In the spring of 1980 when I learned the improbable news that I had been accepted into a doctoral program, two people I much admired weighed in with their reactions. My adviser, for whom I had written a master’s thesis on biblical inerrancy, warned me darkly that the people at Princeton would “come after me” on the inerrancy question. I hoped that my father, an evangelical minister, might betray even a hint of pride that his eldest son had been admitted to study at an elite university. Instead, he became very quiet before expressing his fear that my intellectual pursuits would jettison my piety.

I offer that anecdote (at the considerable risk of being overly self-referential) because it illustrates the tensions at play in Molly Worthen’s remarkable and textured study Apostles of Reason: The Crisis of Authority in American Evan­gelicalism. And I compound my transgression by recalling the title of a tract in the narthex of my father’s church back in the 1960s: “Missing Heaven by Eighteen Inches,” the distance between one’s head and one’s heart.

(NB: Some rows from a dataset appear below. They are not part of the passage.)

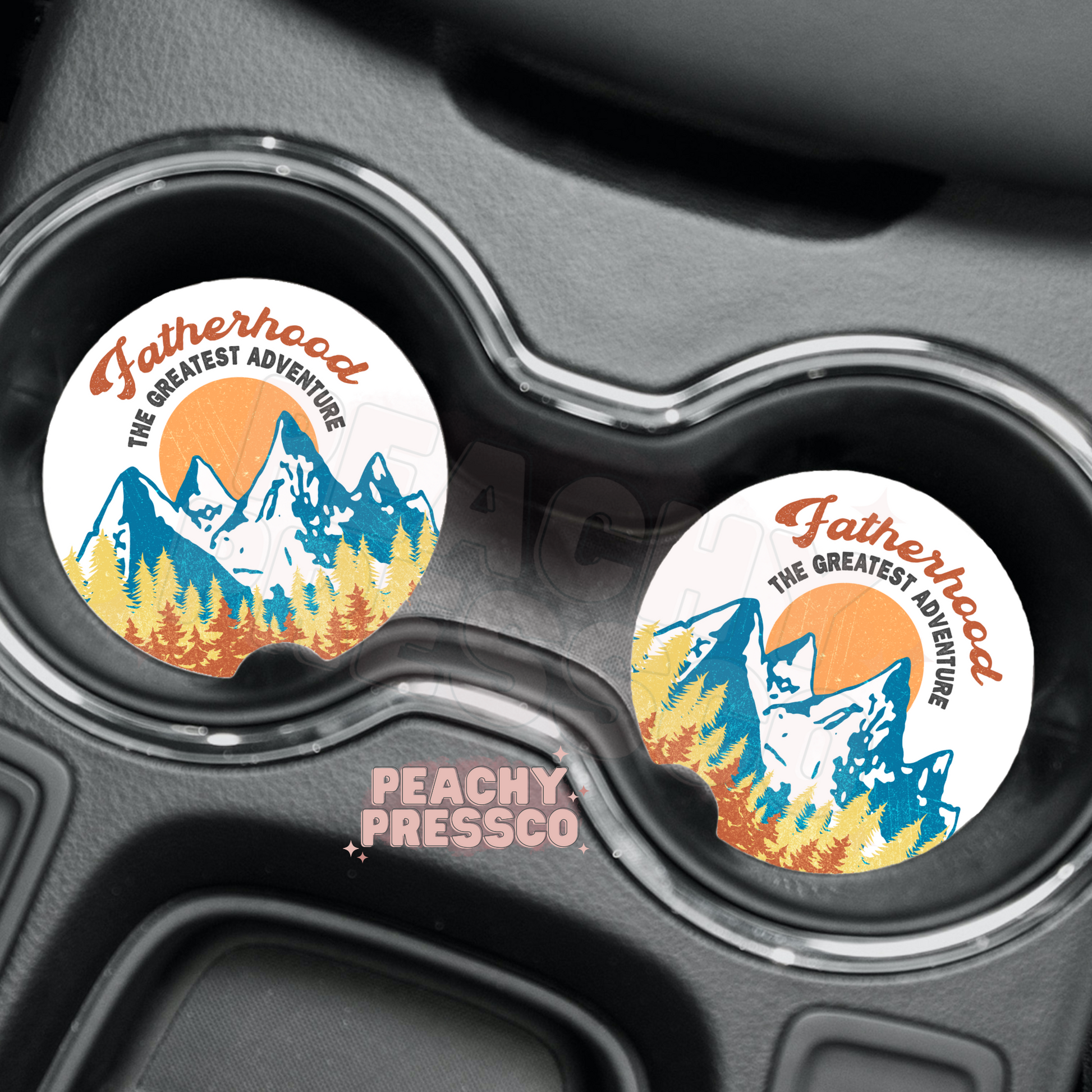 Fatherhood Adventure Car Coasters – Mountain Design Gift for Dads
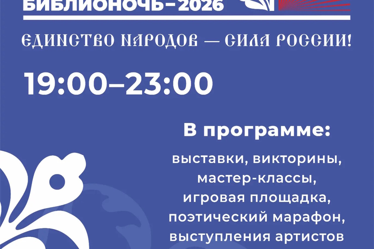 Всероссийская акция «Библионочь-2026» состоится 18 апреля уже в 15-й раз. В Год единства народов России главная тема акции — «Единство народов — сила России!».
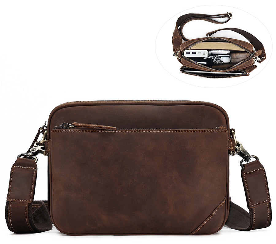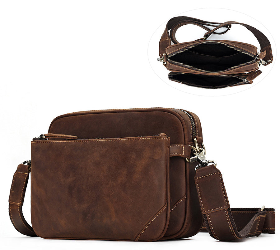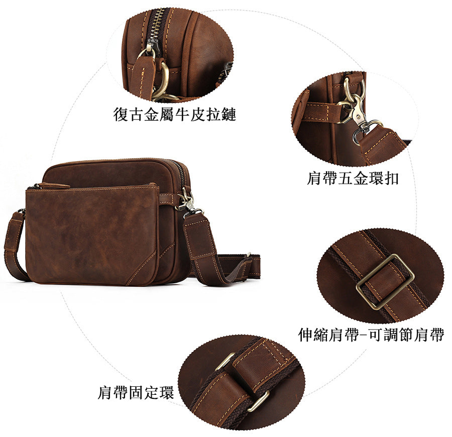 李記 | 原創手工真皮 | 瘋馬皮 二合一設計の斜唄包6736號
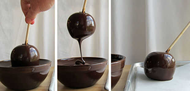 Paso 2: Sumergir las manzanas de caramelo en el chocolate
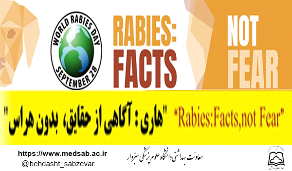 روابط عمومی معاونت بهداشتی /  دکتر فاطمه نوده معاون بهداشتی دانشگاه علوم پزشکی سبزوار ضمن اشاره به اهمیت 28سپتامبر مصادف با 6 مهرماه سال جاری بعنوان روز جهانی هاری گفت: افزایش آگاهی در مورد بیماری هاری و کمک به جهان برای مبارزه با این بیماری بسیار مهلک وکشنده  با تاکید برشعار امسال یعنی " هاری: آگاهی از حقایق، بدون هراس" با تمرکز برسه اصل:

Worthen, a historian at the University of North Carolina, constructs a kind of genealogy of ideas in American evangelicalism from the postwar period to the present. One strain, generally identified with neoevangelicalism and the early years of Fuller Theological Seminary, was really a form of presuppositionalism derived from the work of Cornelius Van Til, longtime professor at Westminster Theological Seminary, who argued that believers should not shy away from their conviction that all knowledge is derived from God and scripture. Another strain, more indebted to the Wesleyan-Holiness tradition (and often mistaken as anti-intellectual), eschewed arid rationalism in favor of a robust piety. At the heart of evangelicals’ conflicted identity, Worthen argues, is the “struggle to reconcile reason with revelation, heart with head, and private piety with the public square.”